# [What the exercise asks]
In the data below, the answer is the run of lines from the line containing "6学年は、2時間目に国語科で" through the line containing "Double‑Safety Cordless Shrub Trimmer", both included; print it exactly and nothing else.

# [Records provided]
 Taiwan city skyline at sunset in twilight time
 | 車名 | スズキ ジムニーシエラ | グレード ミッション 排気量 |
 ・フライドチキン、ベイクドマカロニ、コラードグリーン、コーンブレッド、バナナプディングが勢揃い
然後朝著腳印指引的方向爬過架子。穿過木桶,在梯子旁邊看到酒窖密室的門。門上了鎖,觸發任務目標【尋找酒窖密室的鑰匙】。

--

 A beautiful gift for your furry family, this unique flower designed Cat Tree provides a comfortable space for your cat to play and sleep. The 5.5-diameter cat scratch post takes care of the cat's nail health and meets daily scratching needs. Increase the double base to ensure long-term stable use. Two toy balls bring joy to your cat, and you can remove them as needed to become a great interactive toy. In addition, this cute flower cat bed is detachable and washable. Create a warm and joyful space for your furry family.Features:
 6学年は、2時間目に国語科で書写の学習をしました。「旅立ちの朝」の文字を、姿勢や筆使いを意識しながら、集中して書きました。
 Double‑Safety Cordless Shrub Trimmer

# [Written response]
 6学年は、2時間目に国語科で書写の学習をしました。「旅立ちの朝」の文字を、姿勢や筆使いを意識しながら、集中して書きました。
 Double‑Safety Cordless Shrub Trimmer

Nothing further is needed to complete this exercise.